Penyerahan LHP berlangsung di Ruang Rapat Kepala Perwakilan Lantai 2, Gedung BPK Perwakilan Provinsi Riau, Pekanbaru. Laporan diserahkan langsung oleh Kepala BPK Perwakilan Provinsi Riau, Binsar Karyanto P., kepada Bupati Kampar Ahmad Yuzar.
Turut hadir dalam agenda tersebut Ketua DPRD Kabupaten Kampar Ahmad Taridi, Asisten III Syahrizal, Kepala Inspektorat Muhammad Irsyad, Kepala BPKAD Dendi Zulhairi, Pelaksana Tugas Sekretaris DPRD Ahmad Fais, Kepala Dinas Perumahan dan Kawasan Permukiman Rusdi Hanip, Pelaksana Tugas Kepala Dinas Pendidikan, Kepemudaan dan Olahraga Helmi, serta Direktur RSUD Bangkinang Imawan Hardiman.
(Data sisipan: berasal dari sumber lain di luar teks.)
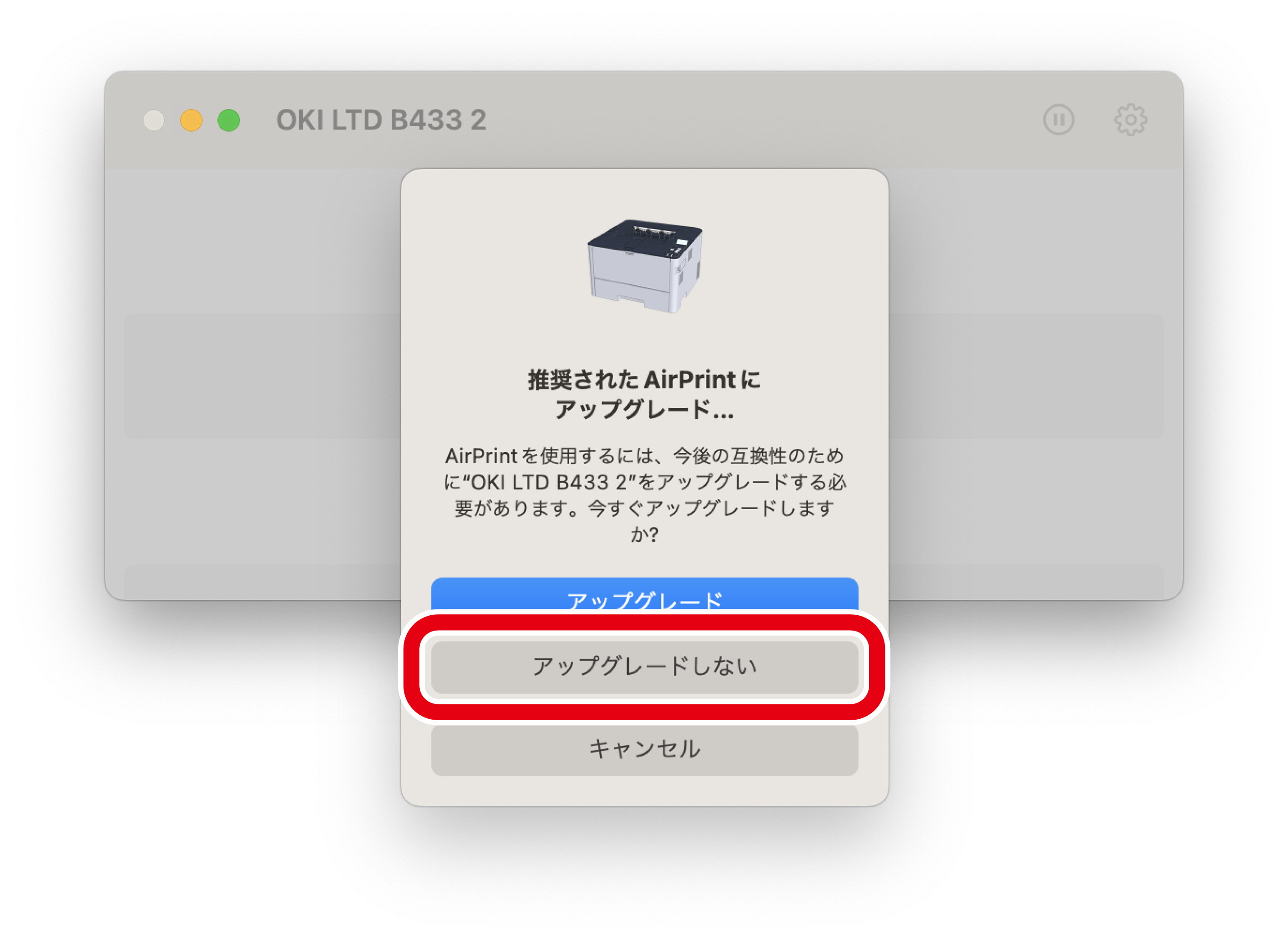 - [推奨されたAirPrintにアップグレード...]が表示された場合は、[アップグレードしない]をクリックします。

Dalam arahannya, Binsar menegaskan bahwa pemeriksaan kepatuhan belanja bertujuan memastikan pengelolaan keuangan daerah berjalan sesuai ketentuan peraturan perundang-undangan, serta memenuhi prinsip transparansi dan akuntabilitas.
“Setiap rekomendasi yang diberikan harus segera ditindaklanjuti, baik dari sisi administrasi maupun kepatuhan belanja. Perbaikan tata kelola anggaran menjadi kunci agar belanja daerah semakin efektif dan efisien,” ujar Binsar.
Ia menambahkan, tindak lanjut yang tepat waktu akan berdampak pada peningkatan kualitas pengelolaan keuangan daerah serta meminimalkan potensi risiko penyimpangan di masa mendatang.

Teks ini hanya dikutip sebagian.